Ed, Eddie, Wants to fall in love. He has plants in his kitchen. He keeps a washcloth On his bathroom sink On it rests his comb, His toothbrush, And toothpaste, All in a neat row. He takes me to the lake To look out at the water, Because he knows It makes me feel like I’m home.
Rob, Wants to conquer And tame me. He wants To be the one I choose Just to win. He kisses me At midnight in the rain Out in the dark On a hidden sidewalk, Slips his hand Down the front of my ******* And plays with my ****. He says it’s the danger Of being caught.
James, Stone, Jamie, Wants to sleep with me, But also doesn’t want To feel guilty. So he hides my messages From his partner And assures me She knows he’s polyamorous.
Me? What do I want? What do I need? Peace. Peace I won’t find In any of them, Only myself. But I have to fight battle, After battle, To get there. So exhausted, I retreat into their distraction, And I warn them all, Of each other’s existence, And that I don’t want anything real.

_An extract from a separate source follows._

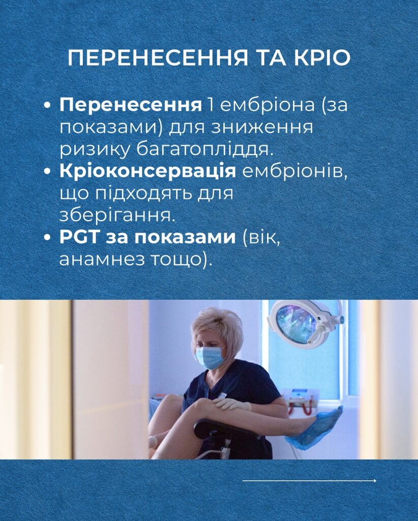 • Стратегія переносу — індивідуальна; «один ембріон» часто знижує ризики без втрати шансів.

But I sing to Eddie, As I lay on his chest. I listen to Rob, As I hold him in my bed. I nurture James, Help him cultivate his individuality. So they think Maybe they’re important. And really, They are. I can’t help but have them be.
But I can’t handle important right now.
I can’t find comfort In the thought of being squeezed Into something I’m not Again. I won’t allow myself To be contorted Into a shape That fits their desires.